Teroris di Masjid Al-Noor Selandia Baru Berniat Ajukan Banding
Brenton Tarrant. Dialah teroris yang pembunuh 51 Jemaah saat Salat Jumat di Masjid Selandia Baru, 2019. Bagaimana nasibnya kini?
Pengacara terdakwa kasus penembakan brutal di Masjid Al-Noor, Christchurch, Selandia Baru, Brenton Tarrant, mengatakan bahwa kliennya mempertimbangkan untuk mengajukan banding atas vonis dan hukuman penjara.
Pengacara Tarrant, Tony Ellis, mengatakan kliennya mengalami tindakan tidak manusiawi selama mendekam di dalam penjara. Ia menambahkan bahwa Tarrant merasa bahwa dirinya mengaku tertekan untuk mengakui kesalahannya. Ellias lantas menuliskan sebuah memo kepada kepala koroner atau pengadlian Selandia Baru.
Tarrant yang berasal dari Australia melakukan serangan membabi buta ke Masjid Al-Noor, Christchurch, Selandia Baru pada tahun 2019 silam. Dalam aksinya tersebut, ia melakukan penembakan kepada 51 jamaah masjid Al-Noor secara membabi buta dan menyiarkannya secara langsung melalui laman facebook-nya.
Dakwaan Terorisme
Sebelum persidangan untuknya dimulai, Tarrant mendapatkan 51 dakwaan pembunuhan, 40 dakwaan percobaan pembunuhan dan 1 dakwaan terorisme. Pengadilan lantas mendakwa Tarrant dengan hukuman penjara seumur hidup tanpa kemungkinan pembebasan bersyarat. Hukuman ini sekaligus menjadi hukuman terberat yang tersedia di Selandia Baru.
Tidak hanya itu, akibat aksi Tarrant, parlemen Selandia Baru membuat aturan yang melarang warganya untuk memiliki senjata semi otomatis seperti yang digunakan oleh Tarrant.

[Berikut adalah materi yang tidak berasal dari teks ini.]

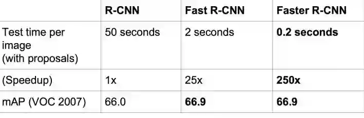 所以,Fast-RCNN很重要的一个贡献是成功的让人们看到了Region Proposal + CNN这一框架实时检测的希望,原来多类检测真的可以在保证准确率的同时提升处理速度,也为后来的Faster R-CNN做下了铺垫。画一画重点:R-CNN有一些相当大的缺点(把这些缺点都改掉了,就成了Fast R-CNN)。 大缺点:由于每一个候选框都要独自经过CNN,这使得花费的时间非常多。 解决:共享卷积层,现在不是每一个候选框都当做输入进入CNN了,而是输入一张完整的图片,在第五个卷积层再得到每个候选框的特征 原来的方法:许多候选框(比如两千个)-->CNN-->得到每个候选框的特征-->分类+回归 现在的方法:一张完整图片-->CNN-->得到每张候选框的特征-->分类+回归 所以容易看见,Fast R-CNN相对于R-CNN的提速原因就在于:不过不像R-CNN把每个候选区域给深度网络提特征,而是整张图提一次特征,再把候选框映射到conv5上,而SPP只需要计算一次特征,剩下的只需要在conv5层上操作就可以了。 在性能上提升也是相当明显的:

Ellis mengatakan, memo pengacara belum disampaikan ke publik pada Senin 8 November 2021. Tetapi, Ellis menegaskan bahwa pihaknya telah mendapatkan wewenang dari kliennya untuk membahas perkembangan kasus tersebut hanya kepada dua media lokal, RNZ dan Stuff.

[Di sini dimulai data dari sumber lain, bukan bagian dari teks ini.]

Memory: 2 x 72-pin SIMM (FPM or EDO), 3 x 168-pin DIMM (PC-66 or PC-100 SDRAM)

AFP melaporkan, kantor pengadilan belum menjawab memo yang diajukan oleh pihak Tarrant. Sekalipun keberadaan nota banding tersedia, pihak pengadilan tidak akan mempermasalahakan kebereadaan memo atau isinya kepada media.
RNZ melaporkan, Ellis menyarankan kliennya untuk mengajukan banding atas hukuman yang menderanya. Ellis yakin bahwa hak-hak Tarrant telah dilanggar selama menjalani hukuman penjara.

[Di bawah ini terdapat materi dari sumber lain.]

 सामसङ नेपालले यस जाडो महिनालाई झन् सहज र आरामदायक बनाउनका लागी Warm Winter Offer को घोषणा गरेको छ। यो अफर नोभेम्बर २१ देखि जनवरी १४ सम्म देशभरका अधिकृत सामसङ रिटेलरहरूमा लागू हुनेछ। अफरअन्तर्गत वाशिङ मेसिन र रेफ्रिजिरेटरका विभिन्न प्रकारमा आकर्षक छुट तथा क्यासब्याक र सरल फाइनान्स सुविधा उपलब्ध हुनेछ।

Ellis berdalih Tarrant ditahan di sebuah sel isolasi selama menunggu persidangannya berlangsung. Pengadilan pun tidak memiliki akses yang tepat ke pengacara, informasi ataupun dokumentasi seputar kasusnya.
Tarrant pun mengaku kepada pengacaranya bahwa kehidupannya selama di penjara telah mempengaruhi pilihan untuk mengakui kesalahan yang ia perbuat.